▶ What needs to be done: Word for word, give the data again without its pictures.

(Data)

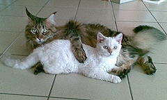 Hummelchen, unser schönes Selkirk Rex Mädchen, hat in Rocky einen großen Freund gefunden. |
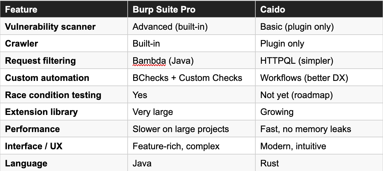 Caido is written in Rust and focuses on speed and better workflow support, especially for Bug Bounty programs. Choosing Burp Professional, on the other hand, is about finding the best penetration testing tool available - not necessarily the cheapest one.
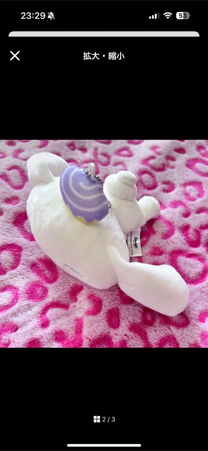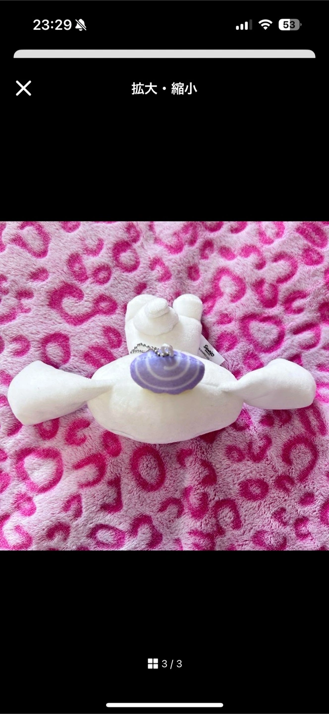 サンリオピューロランドのカーニバルゲームの景品です。 一度も使用せずに保管していたため状態は良いです。 ・シナモロールのぬいぐるみ ・貝殻付き ・全体的にきれい
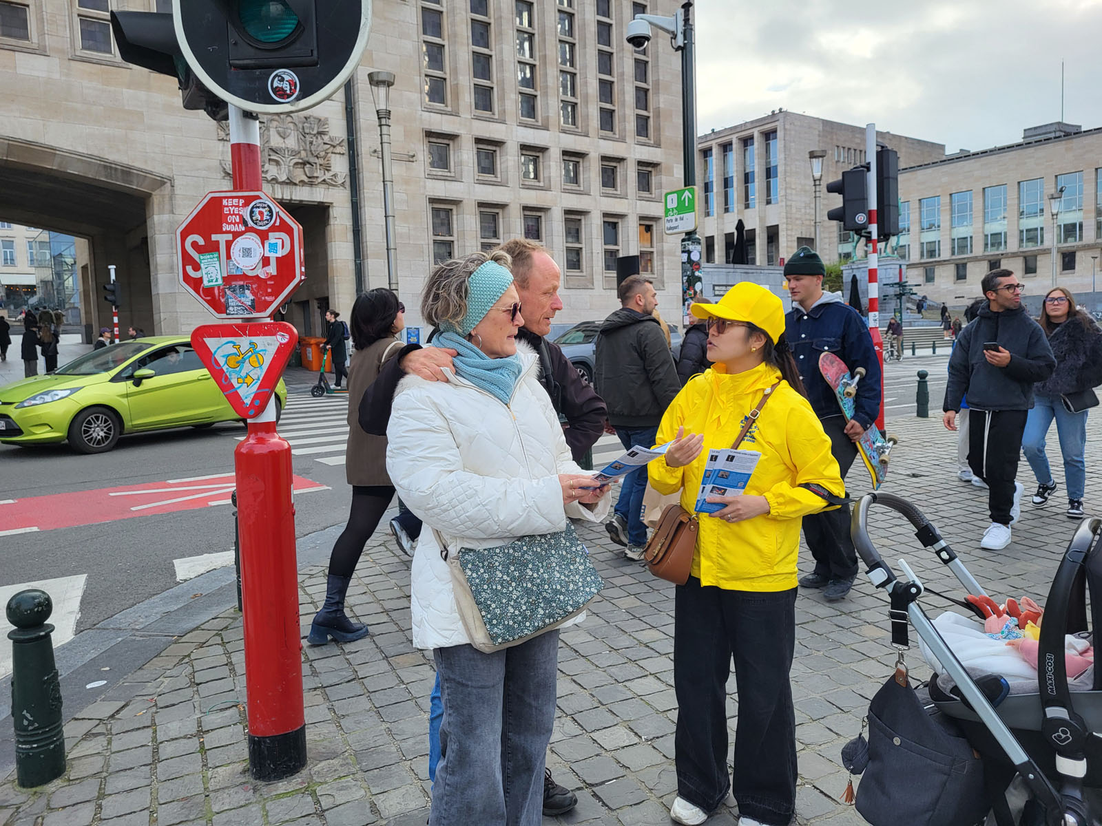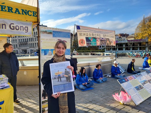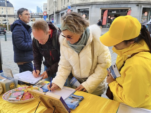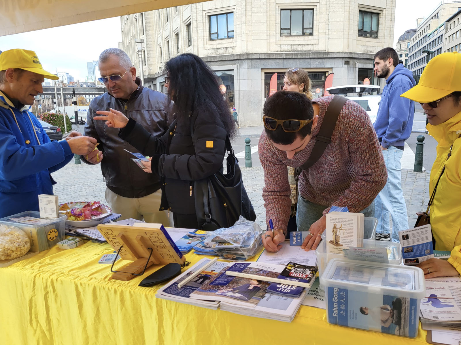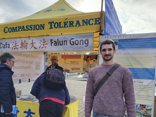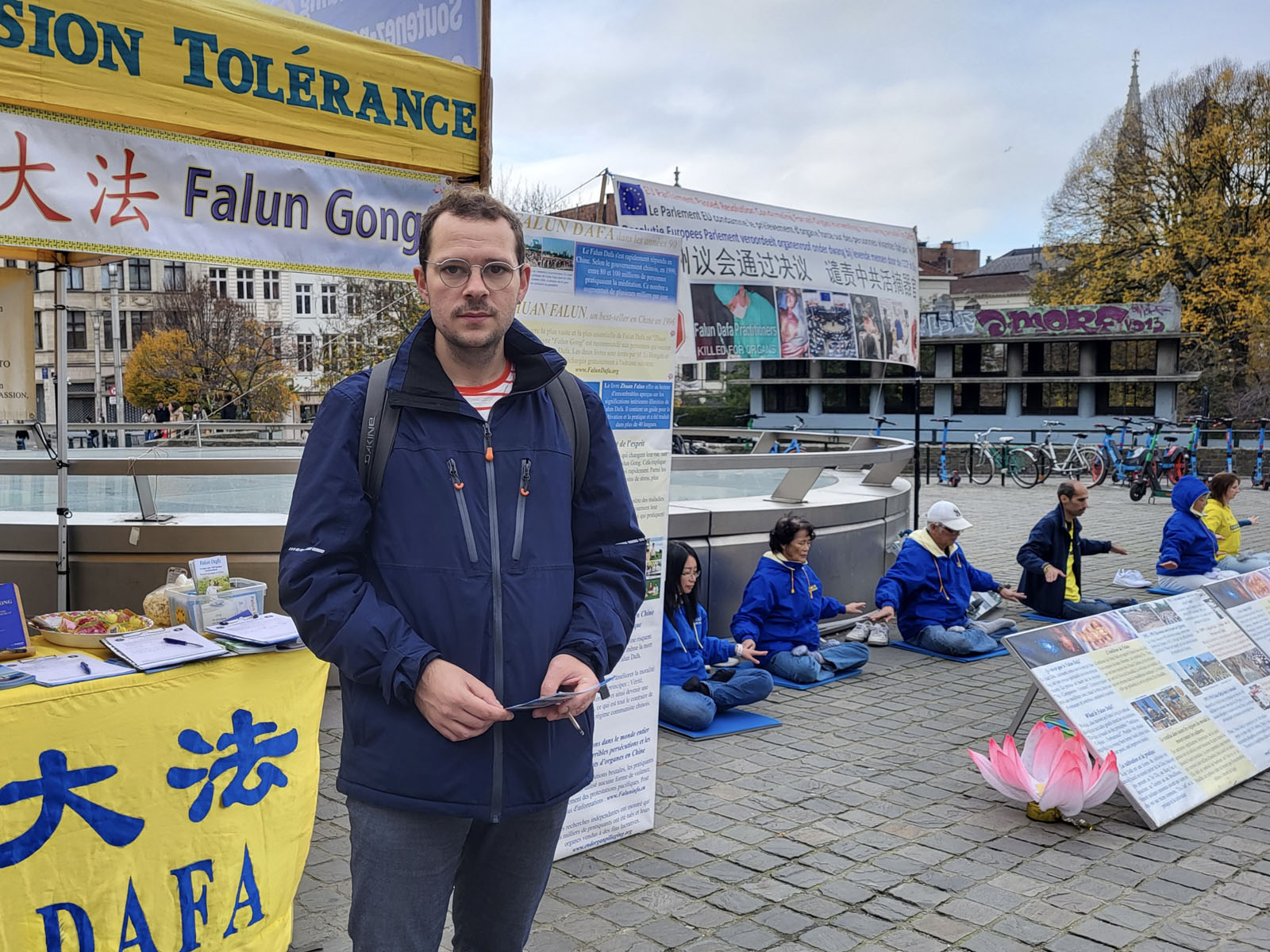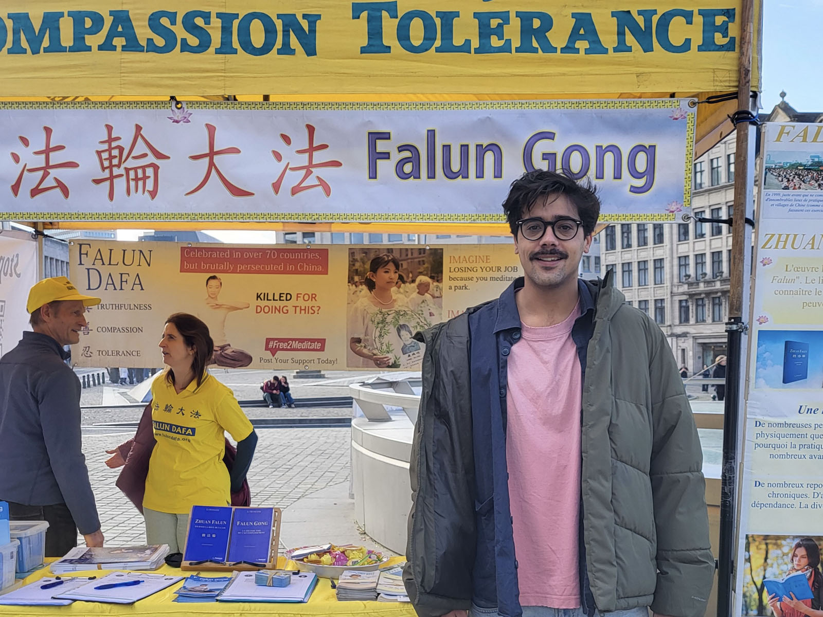 مارین که در انجمن فرهنگ و تبادلات بینالمللی فرانسه کار میکند، مدت زیادی با یکی از تمرینکنندگان صحبت کرد. او و دوستش آن آخر هفته برای اولین بار در بلژیک، از موضوع آزار و شکنجه مطلع شدند. مارین پس از خواندن تابلوهای اطلاعرسانی گفت که احساس میکند باید کاری انجام دهد، مانند امضای دادخواست. او گفت مهم است که مردم بیشتری از این آزار و شکنجه مطلع شوند. «بهدلیل شغلم مایلم بیشتر بدانم.»

(End Data)

▶ Solution for this problem:
 Hummelchen, unser schönes Selkirk Rex Mädchen, hat in Rocky einen großen Freund gefunden. |
 Caido is written in Rust and focuses on speed and better workflow support, especially for Bug Bounty programs. Choosing Burp Professional, on the other hand, is about finding the best penetration testing tool available - not necessarily the cheapest one.
 サンリオピューロランドのカーニバルゲームの景品です。 一度も使用せずに保管していたため状態は良いです。 ・シナモロールのぬいぐるみ ・貝殻付き ・全体的にきれい
 مارین که در انجمن فرهنگ و تبادلات بینالمللی فرانسه کار میکند، مدت زیادی با یکی از تمرینکنندگان صحبت کرد. او و دوستش آن آخر هفته برای اولین بار در بلژیک، از موضوع آزار و شکنجه مطلع شدند. مارین پس از خواندن تابلوهای اطلاعرسانی گفت که احساس میکند باید کاری انجام دهد، مانند امضای دادخواست. او گفت مهم است که مردم بیشتری از این آزار و شکنجه مطلع شوند. «بهدلیل شغلم مایلم بیشتر بدانم.»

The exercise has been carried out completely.